Nunchaku's SDXL UNet does not support offloading and raises
NotImplementedError when offload=True is passed. Skip the parameter
for SDXL and log a warning instead of crashing.
Filter out reference entries tagged "nunchaku" from Extra Networks
when the active backend is not CUDA, since Nunchaku requires NVIDIA
GPUs. Entries remain in shared.reference_models for programmatic
lookup but are not yielded to the UI.
- Rename HuggingFace org from nunchaku-tech to nunchaku-ai across all
nunchaku model repos (flux, sdxl, sana, z-image, qwen, t5)

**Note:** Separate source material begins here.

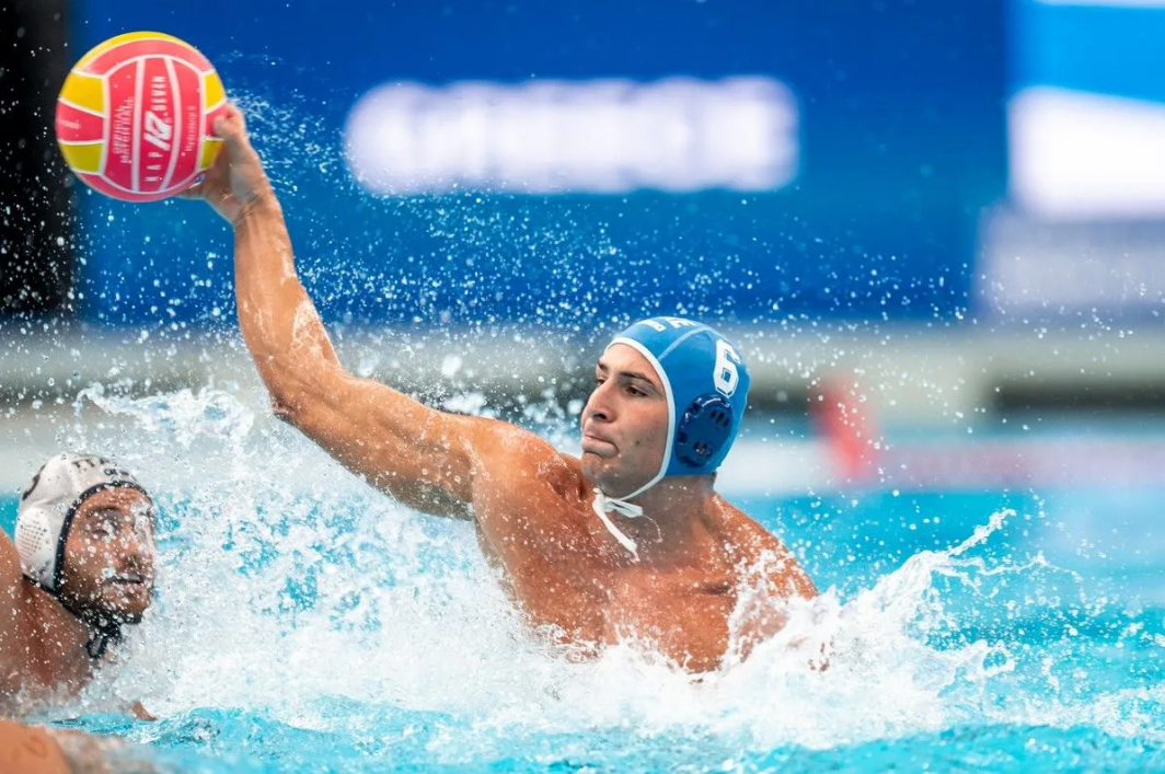 Το παιχνίδι ξεκίνησε με την Ισπανία να μπαίνει καλύτερα και να προηγείται με τέρμα του Bustos στον παραπάνω (5:50). Η γαλανόλευκη αστόχησε δις στον παραπάνω, η Ισπανία συνέχιζε να εκμεταλλεύεται το αριθμητικό της πλεονέκτημα και ο Sanahuja με ωραίο τελείωμα έκανε το 0-2 στο 2:50. Ο Ντίνος Γενηδουνιάς μείωσε με εύστοχη εκτέλεση πέναλτι, ο Τζωρτζάτος απέκρουσε το σουτ του Munarrizz, όμως η Ισπανία στην αμέσως επόμενη επίθεση προηγήθηκε με δύο τέρματα με «ύποπτο» ξανά τον Sanahuja. Ο Γενηδουνιάς σκόραρε από το ‘3’, οι δύο ομάδες αστόχησαν στον παίκτη παραπάνω και η πρώτη περίοδος έκλεισε στο 2-3.
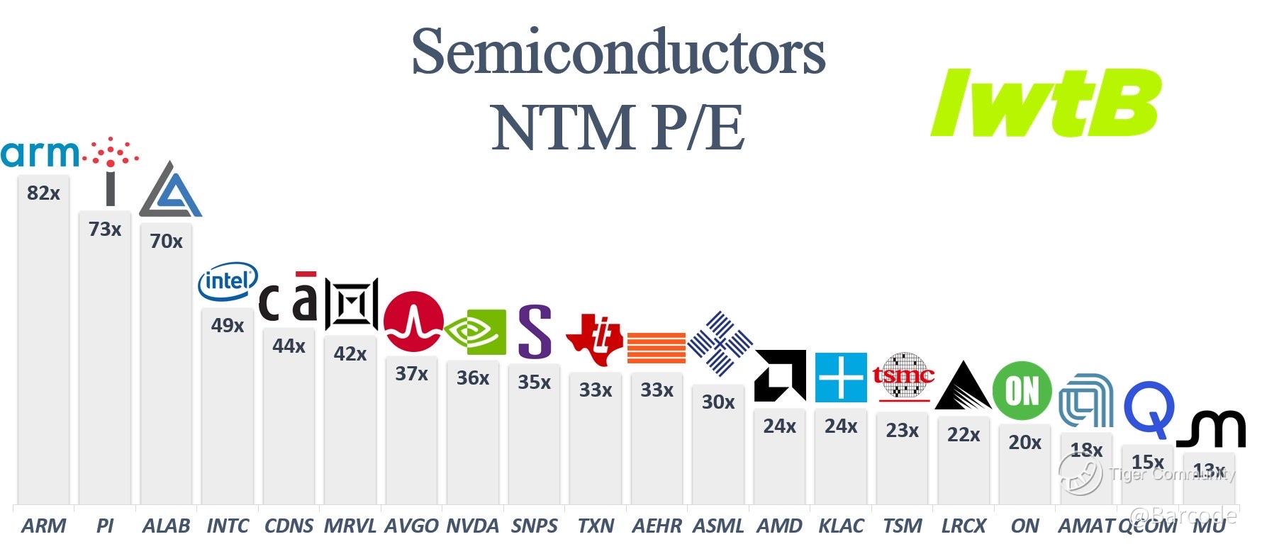 ARM's commanding NTM P/E ratio of 82x, as per IwtB, eclipses peers like PI (73x) and Intel (49x), reflecting a market narrative that positions ARM as the vanguard of semiconductor innovation, particularly in mobile and AI-driven paradigms.

- Add per-torch-version nunchaku version mapping instead of single global
version, with robust torch version parsing
- Add 'Fill (Nunchaku)' and 'Depth (Nunchaku)' options to Flux Tools
dropdown, loading models with +nunchaku suffix for SVDQuant quantization
- Mark Fill and Depth nunchaku reference entries as hidden so they remain
available for check_nunchaku() lookup but don't appear in Extra Networks
- Filter hidden reference models in ui_extra_networks_checkpoints
Replace manual Model/TE checkboxes in Quantization Settings with a
dedicated "Nunchaku" tab in the Extra Networks menu where users can
directly select nunchaku-quantized model variants. Detection is now
using a +nunchaku path marker for disambiguation.